Your objective =
All of the lines below need to be copied exactly, apart from the pictures.

Data section =

=-=-=

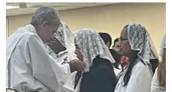 Communion Song: Sacred Heart of Jesus, draw us closer to Your love ……Make our hearts more like Yours. Finally, Fr. Chris said: “We get to work. You have been commissioned. Now our work is to live our baptism and commissioning.” Fr. Brian places a membership pin on a newly commissioned member.
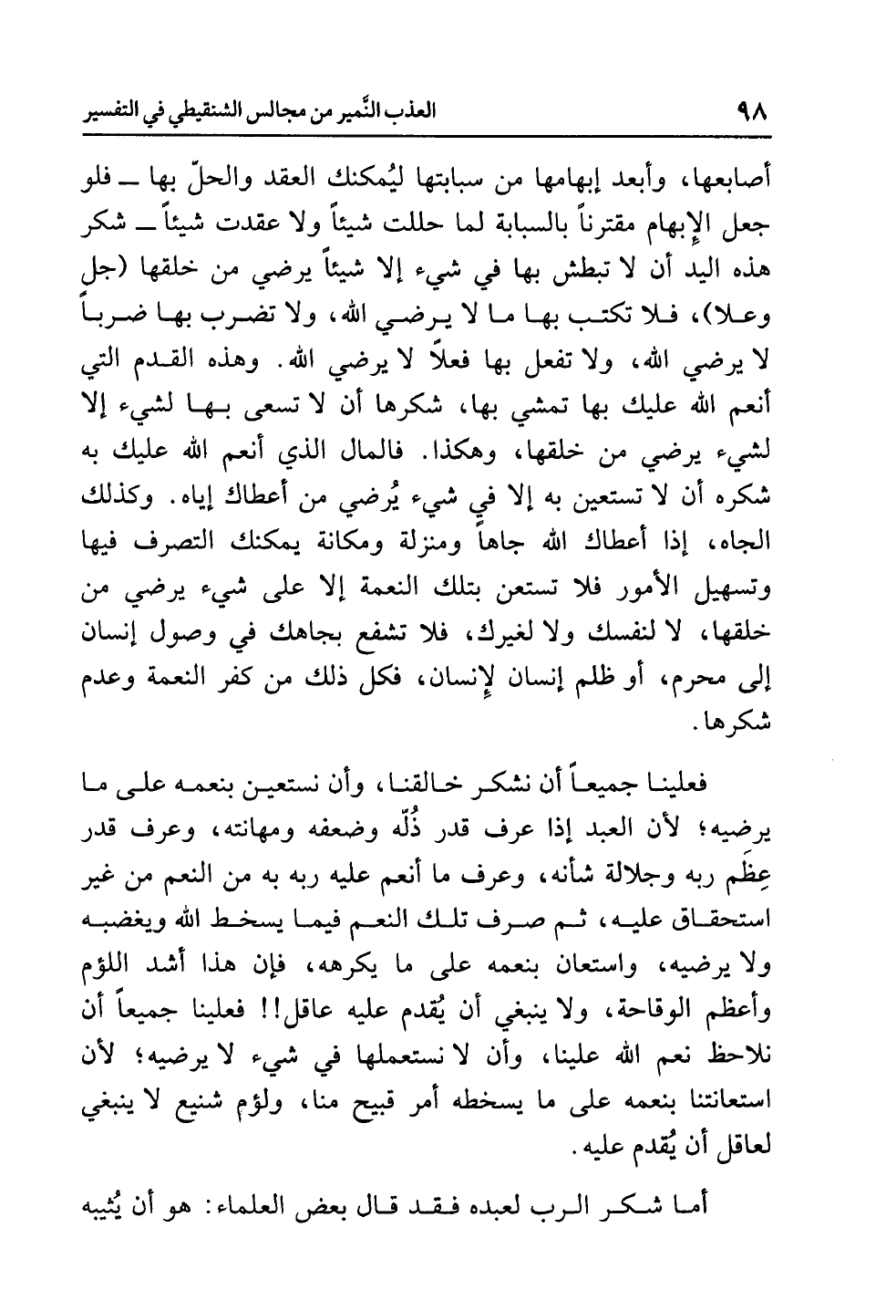 أصابعها، وأبعد إبهامها من سبابتها ليُمكنك العقد والحلّ بها - فلو جعل الإبهام مقترناً بالسبابة لما حللت شيئاً ولا عقدت شيئاً - شكر هذه اليد أن لا تبطش بها في شيء إلا شيئاً يُرْضِي مَنْ خَلَقَهَا (جل وعلا)، فلا تكتب بها ما لا يرضي الله، ولا تضرب بها ضرباً لا يرضي الله، ولا تفعل بها فعلاً لا يرضي الله. وهَذِهِ القَدَمُ الّتي أنْعَمَ الله عليك بها، تمْشِي بها، شُكْرُهَا: أن لا تسعى بها لشيء إلا لشيء يرضي مَنْ خَلَقَها، وهكذا. فالمال الذي أنْعَمَ اللهُ عَلَيْكَ به شُكْرُهُ: أن لا تَسْتَعيِن به إلا في شيء يُرْضِي مَنْ أَعْطَاكَ إِيَّاهُ، وكذلك الجاه، إذا أعطاك اللهُ جَاهاً ومَنْزِلَة ومكانة يمكنك التصرُّف فيها وتسهيل الأمور فلا تَسْتَعِنْ بِتِلْكَ النعمة إلا على شيء يُرْضِي مَنْ خَلَقَهَا، لا لنفسك ولا لغيرك، فلا تشفع بِجَاهِكَ في وصول إنسان إلى محرَّم، أو ظلم إنسان لإنسان، فكل ذلك من كُفْرِ النِّعْمَةِ وعَدَمِ شُكْرِهَا.
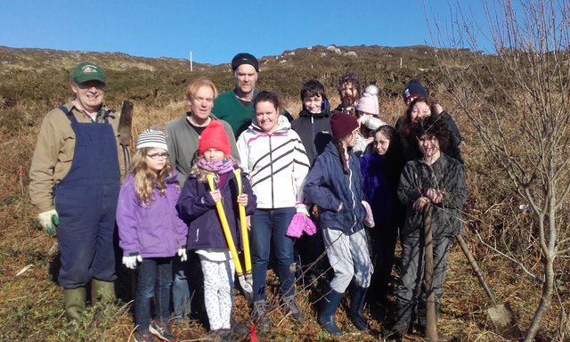 OK Great work has already been accomplished this year with tree plantings already carried out by Muinteoir Fergal and Scoil Náisiunta Inis Cléire and also by Oisín., go raibh maith agaibh. The main community tree planting event is planned for Saturday next, 24th February, at 10 am and all are welcome. As usual we aim to have 300 trees or more planted in the Mass Track area this year in total. Photo some of those ( not camera shy) who took part in last years meitheal by young and old which planted 150 trees on that occasion. Weren't they a fabulous brunch ?.
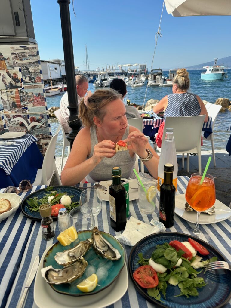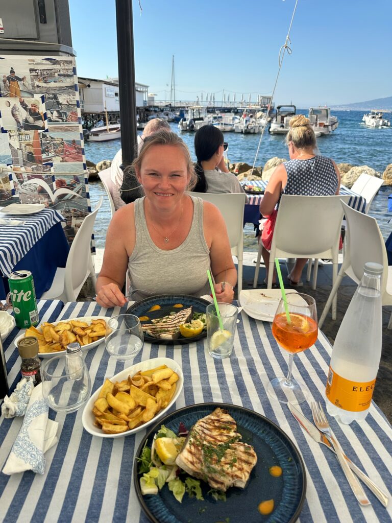 Na Positano rijden we naar Sorrento. De streek van de citroenen en Limoncello. Jammer genoeg zijn we te laat, want ze hangen niet aan de bomen. Het moet mooi zijn om alles in het geel te zien. In het midden van de stad is een parking. Je geeft je sleutel af en zij parkeren je auto god weet waar. Er is een betalende lift naar het centrum. Doordat ik een verkeerd bord volg, komen we bij trappen naar boven uit. Geen goed idee in hete temperaturen en als je sandalen met een lederen zool draagt. Ik loop meer op mijn tenen dan op mijn sandalen. Gelukkig ondersteunen K. in het opgaan en A. mij in de terugweg. Ik had goede reviews gelezen bij een restaurant aan de zee. Porto Marina restaurant heet het. Specialiteit vis, gelegen op de kaai en zicht op zee.

=-=-=

Task answer =
 Communion Song: Sacred Heart of Jesus, draw us closer to Your love ……Make our hearts more like Yours. Finally, Fr. Chris said: “We get to work. You have been commissioned. Now our work is to live our baptism and commissioning.” Fr. Brian places a membership pin on a newly commissioned member.
 أصابعها، وأبعد إبهامها من سبابتها ليُمكنك العقد والحلّ بها - فلو جعل الإبهام مقترناً بالسبابة لما حللت شيئاً ولا عقدت شيئاً - شكر هذه اليد أن لا تبطش بها في شيء إلا شيئاً يُرْضِي مَنْ خَلَقَهَا (جل وعلا)، فلا تكتب بها ما لا يرضي الله، ولا تضرب بها ضرباً لا يرضي الله، ولا تفعل بها فعلاً لا يرضي الله. وهَذِهِ القَدَمُ الّتي أنْعَمَ الله عليك بها، تمْشِي بها، شُكْرُهَا: أن لا تسعى بها لشيء إلا لشيء يرضي مَنْ خَلَقَها، وهكذا. فالمال الذي أنْعَمَ اللهُ عَلَيْكَ به شُكْرُهُ: أن لا تَسْتَعيِن به إلا في شيء يُرْضِي مَنْ أَعْطَاكَ إِيَّاهُ، وكذلك الجاه، إذا أعطاك اللهُ جَاهاً ومَنْزِلَة ومكانة يمكنك التصرُّف فيها وتسهيل الأمور فلا تَسْتَعِنْ بِتِلْكَ النعمة إلا على شيء يُرْضِي مَنْ خَلَقَهَا، لا لنفسك ولا لغيرك، فلا تشفع بِجَاهِكَ في وصول إنسان إلى محرَّم، أو ظلم إنسان لإنسان، فكل ذلك من كُفْرِ النِّعْمَةِ وعَدَمِ شُكْرِهَا.
 OK Great work has already been accomplished this year with tree plantings already carried out by Muinteoir Fergal and Scoil Náisiunta Inis Cléire and also by Oisín., go raibh maith agaibh. The main community tree planting event is planned for Saturday next, 24th February, at 10 am and all are welcome. As usual we aim to have 300 trees or more planted in the Mass Track area this year in total. Photo some of those ( not camera shy) who took part in last years meitheal by young and old which planted 150 trees on that occasion. Weren't they a fabulous brunch ?.
 Na Positano rijden we naar Sorrento. De streek van de citroenen en Limoncello. Jammer genoeg zijn we te laat, want ze hangen niet aan de bomen. Het moet mooi zijn om alles in het geel te zien. In het midden van de stad is een parking. Je geeft je sleutel af en zij parkeren je auto god weet waar. Er is een betalende lift naar het centrum. Doordat ik een verkeerd bord volg, komen we bij trappen naar boven uit. Geen goed idee in hete temperaturen en als je sandalen met een lederen zool draagt. Ik loop meer op mijn tenen dan op mijn sandalen. Gelukkig ondersteunen K. in het opgaan en A. mij in de terugweg. Ik had goede reviews gelezen bij een restaurant aan de zee. Porto Marina restaurant heet het. Specialiteit vis, gelegen op de kaai en zicht op zee.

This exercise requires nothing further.